20 de abr. de 2012

Sobe e desce


Gabriela Goularte
@gabegou

Todos diziam que ele tinha subido na vida: depois de anos batalhando, conquistara destaque impressionável no trabalho, casara-se com uma mulher doce e tinha 2 lindos filhos, cada um com dois lindos olhos azuis. Nada de que ele pudesse reclamar, afinal, tinha subido na vida.

Subiu tão alto, que mal podia se abaixar para ver as crianças, mal podia se inclinar para beijar a esposa, mal tinha tempo para conferir se havia calçado os dois sapatos do mesmo par. Lá do alto não avistava os belos horizontes com os quais sonhara enquanto ainda vivia abaixo daquela linha que agora o separava dos infelizes que beiravam a linha do trem.

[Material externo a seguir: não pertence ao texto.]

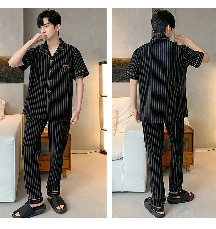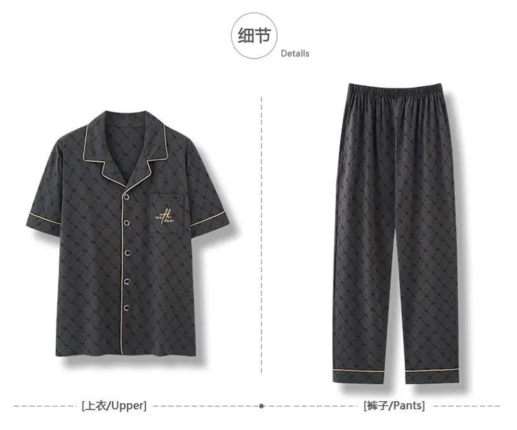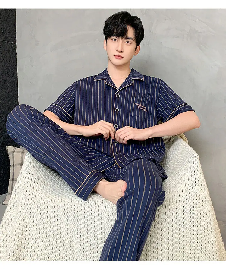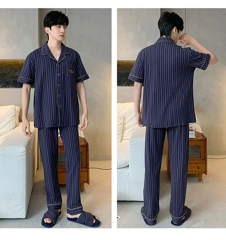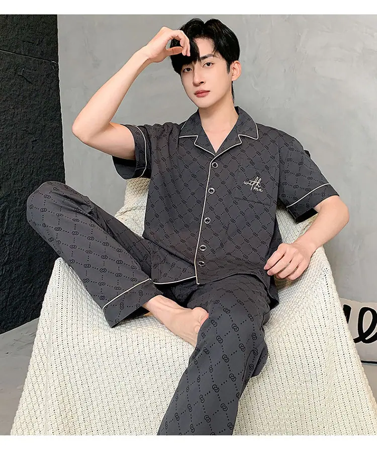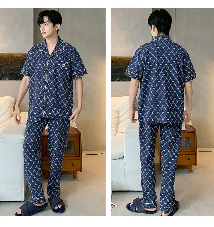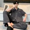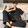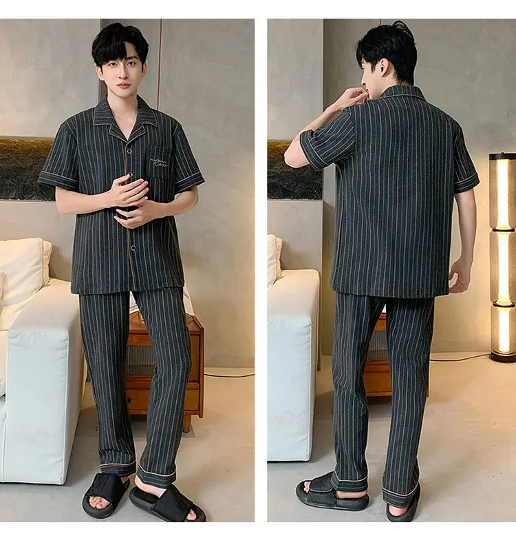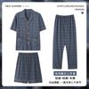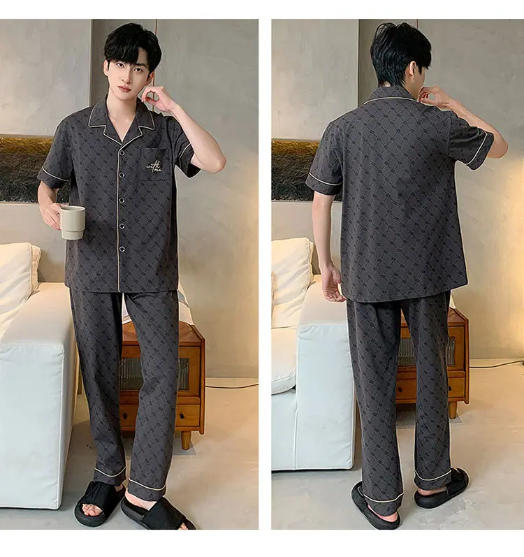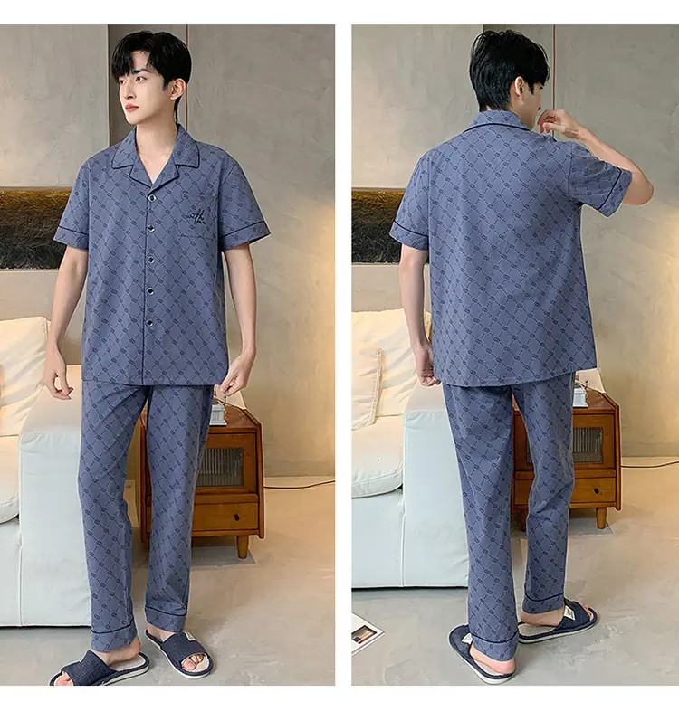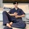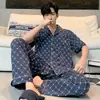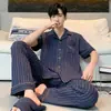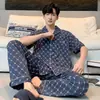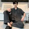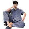 Pijama de Hombre Verano Algodón Manga Corta Pantalón Cuadros Cárdigan Casual Algodón Talla Grande Verano Ropa para el Hogar Conjunto de Dos Piezas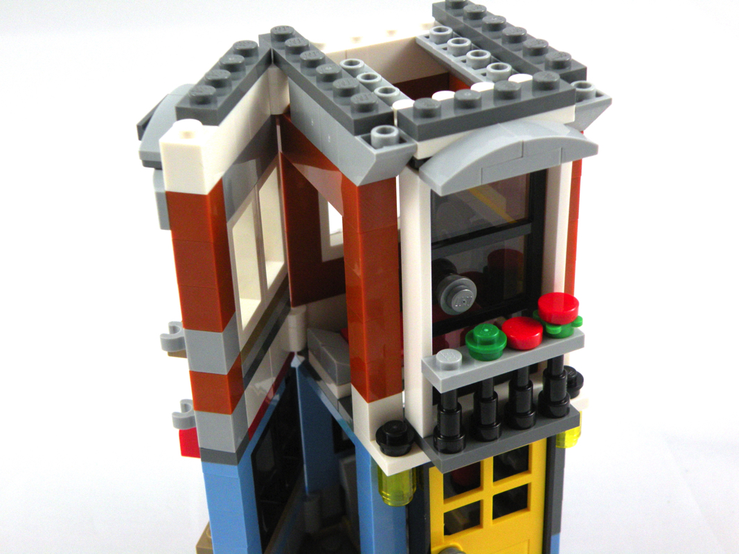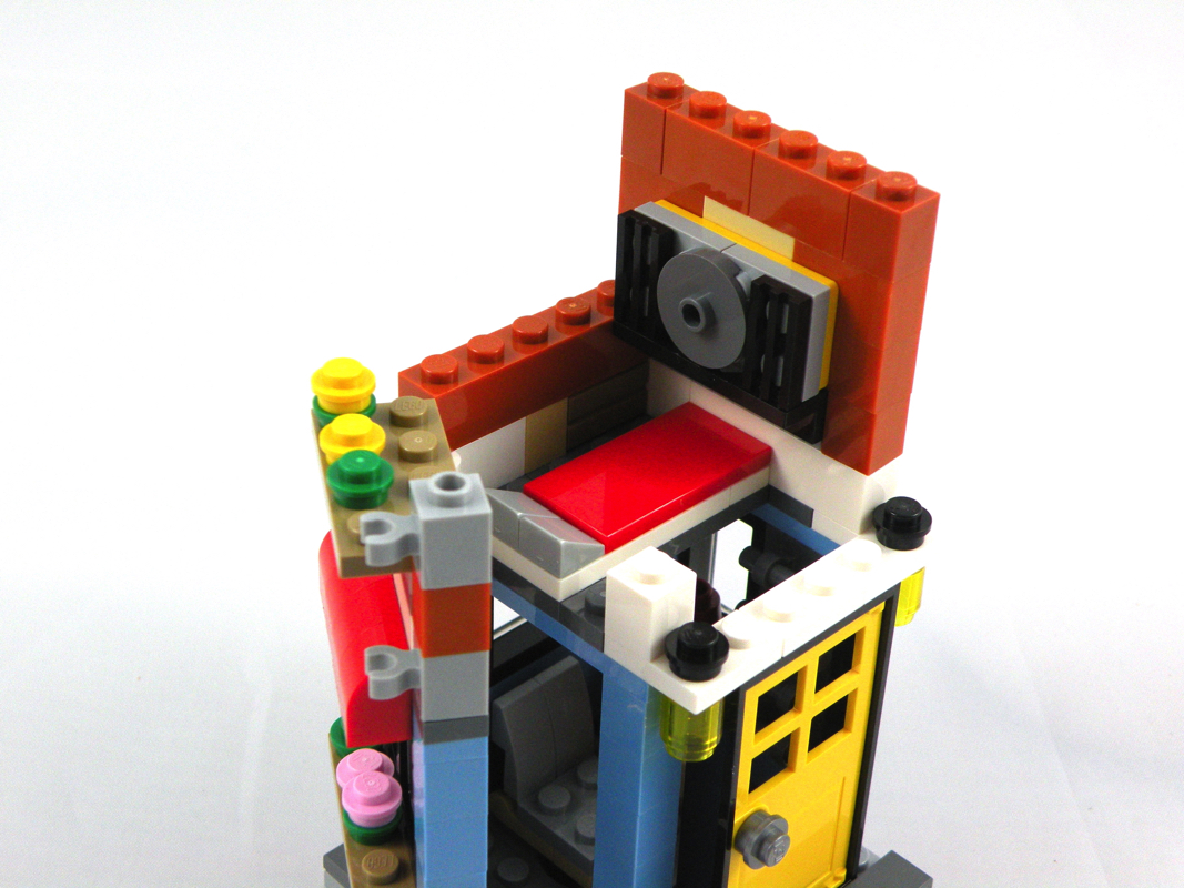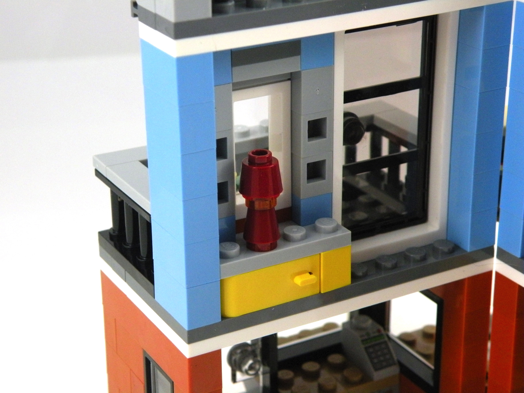 On continue avec l’assemblage du premier étage, cette fois en dark orange, les couleurs des étages sont donc inversées par rapport au coin « Deli ». On ajoute un lit, et une chose non identifiée au mur (une chaîne hi-fi ? peut-être…). Encore quelques fleurs sur le rebord de fenêtre, celles-ci étant au demeurant bien travaillées. Une porte mène sur un balcon, sur lequel on ne peut mettre une minifig qu’en gardant la porte ouverte.

Não estava nas nuvens, mas sim no meio de uma neblina espessa, cinzenta e amarga. Se aquele era o gosto por ter subido na vida, então o jeito era descer. Já vinha há meses pensando em mudar-se pro térreo. Arrumou tudo o que precisava levar consigo em um maço de cigarro e uma caixa de fósforos. Afrouxou a gravata, tirou os sapatos e espreguiçou-se, aliviado e sorrindo como quem sabe que a missão havia sido cumprida. Despediu-se do copo de whisky, pousando-o no peitoral de sua "ampla cobertura, com piscina e duas vagas na garagem". 

Percorreu aqueles 110 metros que o separavam do chão com a certeza de que havia subido na vida, e então sua alma foi aos céus.